I uninstalled pandocs using pip:
pip uninstall pandocs
And then I installed miniConda: https://docs.conda.io/en/latest/miniconda.html
There was a Windows Installer for my version of python, python3.10. It downloads into the Windows download folder.
Years ago, I fought Anaconda for control over my python and will not allow MiniConda any similar control. During the installation of Miniconda, I unselected two default checkboxes which would have given Miniconda control over vsCode, etc... And also did not accept the default installation destination and instead installed Miniconda to a new folder:
C:\miniConda
Then needed to add a path to Miniconda by adding a new system variable. That was done by Editing System Properties - Environmental Variables.

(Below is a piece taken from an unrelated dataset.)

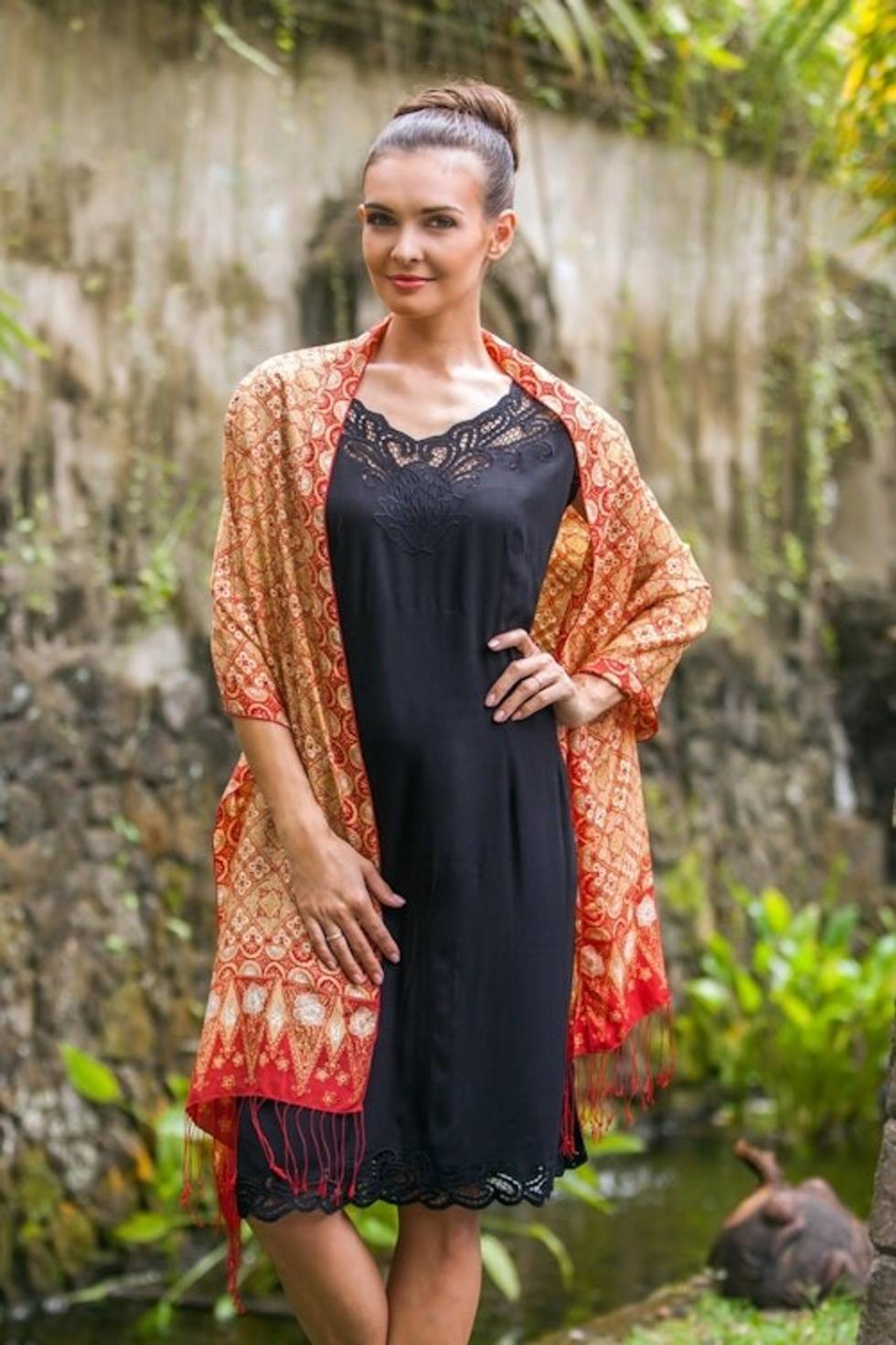 This absolutely gorgeous shawl is made from some of the finest silk I've ever had the privilege to touch. It is so soft and light, yet sturdy and the batikking is impeccable! I love the black version, as it shows up the print so beautifully! It almost has a vintage Arts and Crafts feel to the pattern. Nice enough to display in one's home - the bedroom perhaps...? I have since thought of getting another color either for myself or a very good friend or family member...well worth it.
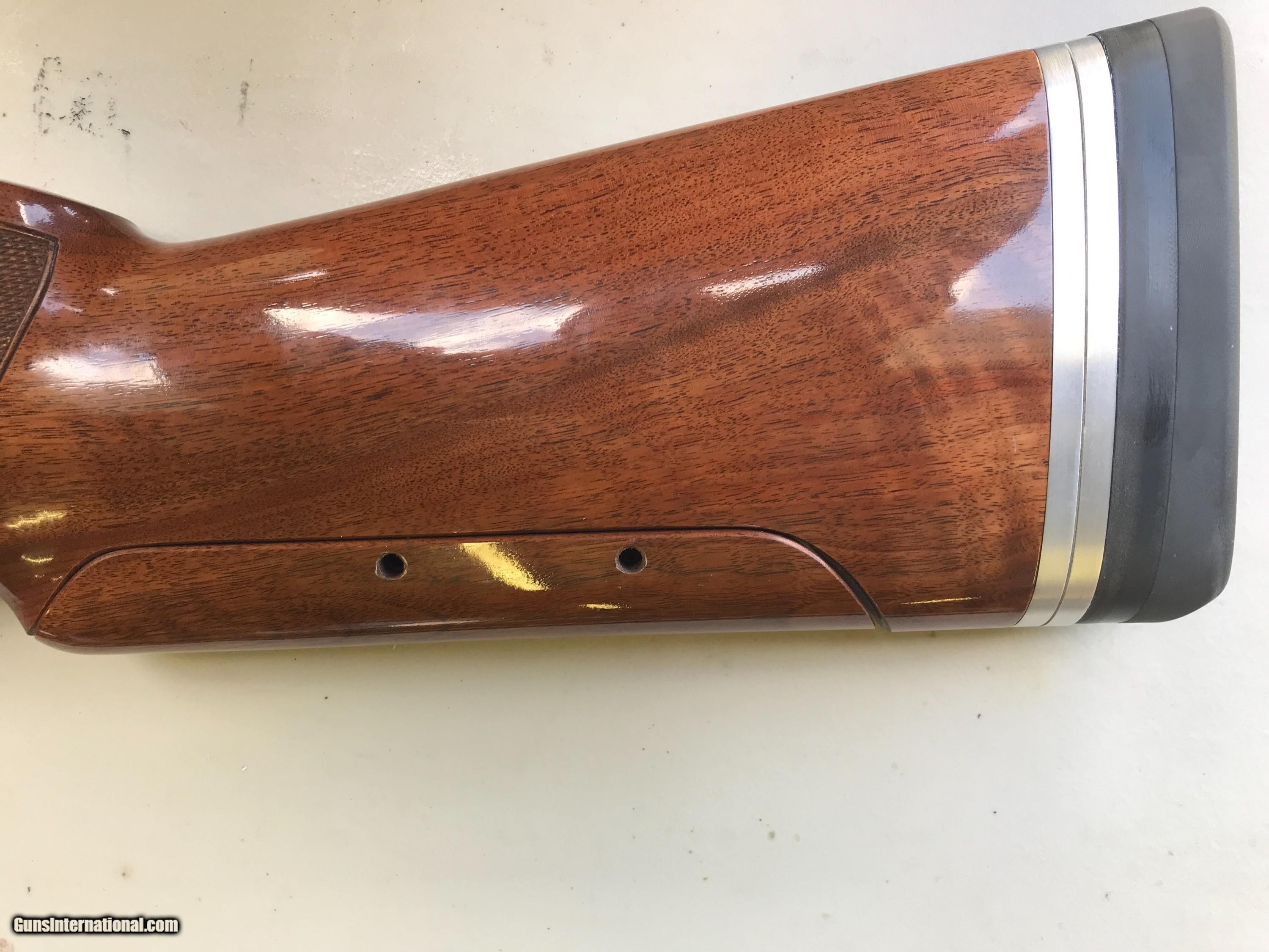 Description: Citori CX 30” barrels. Adjustable comb and butt plate installed by gunfitter Tod Nelson. LOP 15". Comes with 6 Midas chokes and choke tube case, extra trigger shoe. Used one year shooting sporting clays. SOLD Shotgun Gauge: 12 Gauge Manufacturer: Browning Model: Citori CX Barrel Length: 30” Condition: Pristine Metal Condition: Some blueing wear on forend latch Wood Condition: As new with very slight handling marks Bore Condition: Perfect LOP: 15” |

C:\MiniConda\Scripts\conda.exe
Close the cmd prompt and then open again. At the folder holding the .md file, open the cmd prompt. The smallish sized cmd prompt is preferred over the large Terminal window. Run conda and install pandocs.
conda install pandoc
Finally, convert the .md to myst.
jupyter-book myst init myBook.md --kernel ir
It works. Miniconda is kept under control and the pandoc package worked. And the process created a mySt markdown file.
And for those who don't read instructions carefully, they will miss this mention that I'm using the r kernel rather than the python kernel.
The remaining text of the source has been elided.